Arnon Grunberg

Swallow

Values

Ayelett Shani talking to Daniel Blatman in Haaretz, a professor in the Institute for Contemporary Jewry at the Hebrew University. ‘My fields of interest are the Holocaust, Nazism, fascism, genocide and East European Jewry during the Holocaust. At the moment I’m in Poland. I am involved in establishing the Warsaw Ghetto Museum [scheduled to open in 2025].’

(…)

‘Yes, and as I said, there won’t be brown-shirted soldiers in the streets. But one thing we do see here is a regime that is starting to execute a speedy judicial, political, moral revolution – like in Germany. From January 1933, it was all over. Within half a year the country became unrecognizable. A dictatorship was institutionalized that hung on until 1945. That means one thing, from my point of view: that German society was ready to swallow it. If 50 million Germans didn’t bring the country to a halt when Hitler came to power, apparently that society was ready to accept [the new order]. That is Israel’s great test today.

Isn’t the conclusion from this conversation that Israeli society has already failed the test? That there is something sick, impaired, not only in the populist government but in the public that wants such a government?

Israeli society has undergone a process of radicalization. There is a large mass that does not sanctify democratic and liberal values. The radicalization can be explained in all kinds of ways – the strengthening of religion, security reasons, demonization of the Arab enemy. In the previous government, too, most of Israel society didn’t want to see the United Arab List there. Which is why I think declarations by opposition leaders to the effect that “with half a [Knesset] seat here and half a seat there, we would have won,” are nonsense.
Populism wins when society is ripe to receive it. Israeli society was ripe to receive the present government. Not because of Likud’s victory, but because the most extreme wing pulled everyone after it. What was once extreme right is today center. Ideas that were once on the fringes have become legitimate. As a historian whose field is the Holocaust and Nazism, it’s hard for me to say this, but there are neo-Nazi ministers in the government today. You don’t see that anywhere else – not in Hungary, not in Poland – ministers who, ideologically, are pure racists.
What we are seeing today is a kind of genie that is bursting from the bottle, and I’m not sure it can be stopped. I am not embarrassed to say that I am afraid. I think that a demonstration of 100,000 or 200,000 won’t help. If two million people don’t rise up now and fight for democracy, fight for liberalism, the conclusion must be that Israeli society accepts what’s going on. That it’s already there.’

Read the article here.

It’s already there. And Mr. Blatman is right of course, in many countries where democracy is getting weaker and weaker the population is ready to swallow it.
Israel is not unique. Some countries just produce the politicians that will make the population swallow everything. I’m not saying this to absolve the population, it’s just that we are taught to be obedient. The idea that an uprising can change a situation for the better lost its attraction after so many uprisings turned into a disillusion. (Arab spring, to name just one example.)
And it was a blessing that Trump was rather weak.

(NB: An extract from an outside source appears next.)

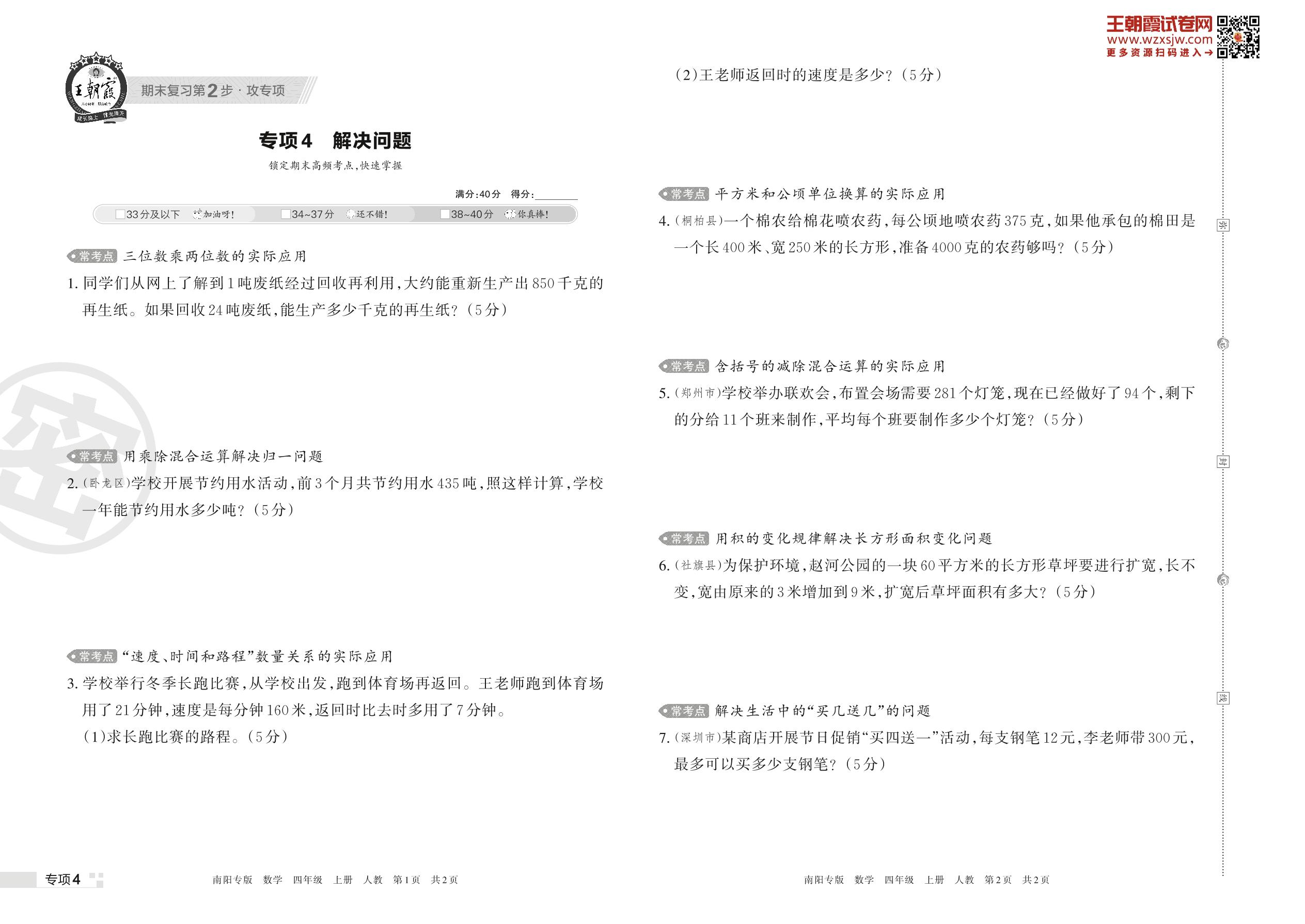 王朝霞期末专项卷——解决问题四年级上册数学(人教版)_R221123114904237【4】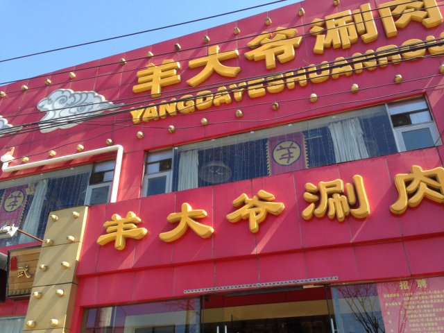 为嘛说武涮呢?现在越来越多火锅店走起斯文路线,一人一个小锅子。羊大爷秉承粗旷豪迈,武文化。店内木桌木椅,墙壁上挂着羊字旗,红缨枪,大酒缸,头盔状的铜火锅很有意思。桌子上是木有茶杯的,喝水喝酒都是大茶碗,很是豪迈。

A commentator under the article suggested that the Jews in the diaspora might be able to influence the situation in Israel.

I’m skeptical. American Jewry by large does not identify strongly with Israel anymore, and for decent reasons. Many Jews in Europe might not completely like Netanyahu but will defend Israel against all odds, and then there are antizionist Jews. They see in all this just the Verelendung they were hoping for.

I’m not sure if there is more hope for Putin’s Russia or for Netanyahu’s Israel, I would say: equally bleak.
Netanyahu is a reluctant killer, he prefers the status quo to war, and the Israeli army is not as rotten as the Russian one, but given the influence of Putin on Israeli foreign politics, (America still has bigger influence needless to say) and the fact that all the Russians living and voting in Israel changed the country, I can say that Putin and Netanyahu are brothers in despair.